A. Any person who, in good faith and without malice and in connection with duties or functions of a review committee of the system, takes an action or makes a decision or recommendation as a member, agent or employee of a review committee of the system or related to the duties or functions of a review committee of the system or who furnishes records, information or assistance that is related to the duties of a review committee is not subject to liability for civil damages in consequence of that action. The court shall determine the presence of malice by clear and convincing evidence. This section does not relieve a person of liability that arises from that person’s medical treatment of a patient.

B. The information considered by a review committee of the system or related to the duties or functions of a review committee of the system and the records of their actions and proceedings are confidential and are not subject to subpoena or order to produce except as provided in subsection C of this section and in proceedings before an appropriate state licensing or certifying agency. A member of a review committee of the system or its staff engaged in assisting such committee or any other person assisting or furnishing information to such committee shall not be subpoenaed to testify in any judicial or quasi-judicial proceeding if the subpoena is based solely on those activities.

C. This section does not affect a patient’s claim to privilege or prevent the subpoena of a patient’s medical records that are otherwise subject to discovery. The contents and records of review committee procedures are confidential and inadmissible in court.

D. Information considered by a review committee of the system and the records of its actions and proceedings may be transmitted by the director to an appropriate state licensing or certifying agency. Information considered by a review committee of the system or related to the duties or functions of a review committee of the system and the records of its actions and proceedings that are used pursuant to subsection B of this section or transmitted pursuant to this subsection by a state licensing or certifying agency shall be kept confidential and shall be subject to the same provisions concerning discovery and use in legal actions as are the original information and records in the possession and control of a review committee of the system or related to the duties and functions of a review committee of the system.

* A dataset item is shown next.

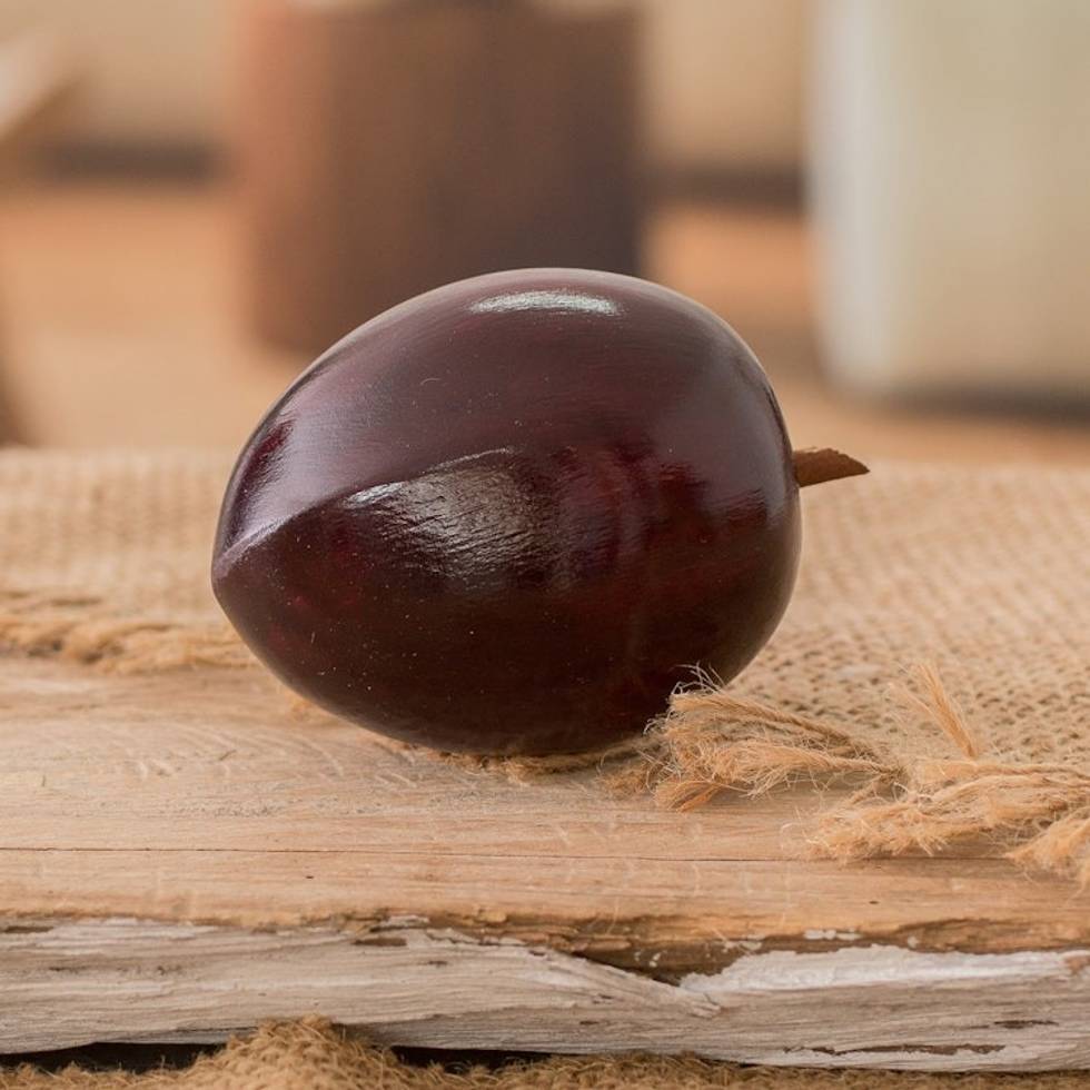 Guatemalan Hand-Carved Painted Cypress Wood Plum Figurine 'Guatemalan Plum' Item ID: 2671770398
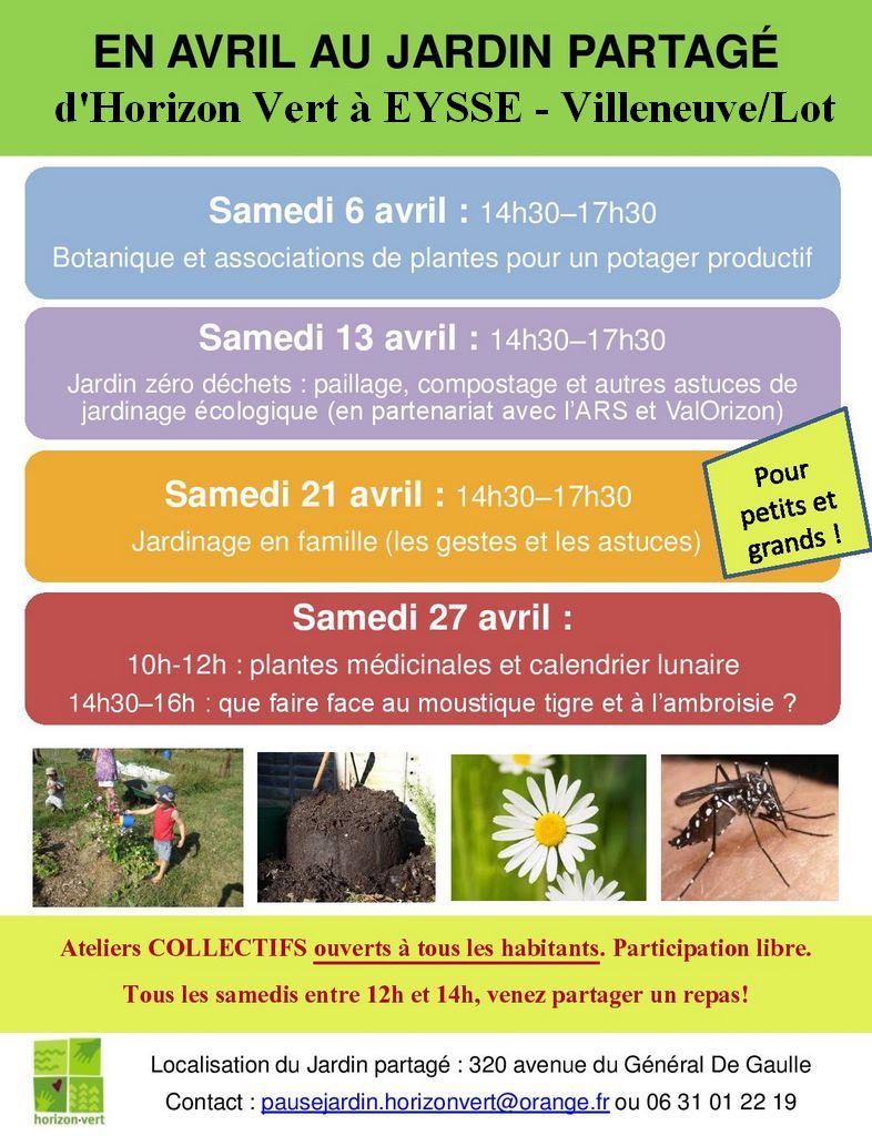 L’association Horizon Vert, qui milite depuis 30 ans en faveur de l’écologie, en partenariat avec l’ARS et ValOrizon, organise un atelier sur le thème du jardin zéro déchet, le samedi 13 avril de 14h30 à 17h30. Cet atelier est gratuit et à destination du grand public.

E. This section does not prevent the director from supervising or monitoring contractors as otherwise provided for in this chapter or rules adopted pursuant to this chapter.

F. For the purposes of this section, “review committee of the system” means any organizational structure of the administration, or of a contractor contracting with the administration pursuant to section 36-2906, the purpose of which is one or more of the following:

1. To evaluate and improve the quality of health care.

2. To review and investigate the conduct of licensed health care providers in order to determine whether disciplinary action should be imposed.

3. To encourage proper and efficient utilization of health care services and facilities.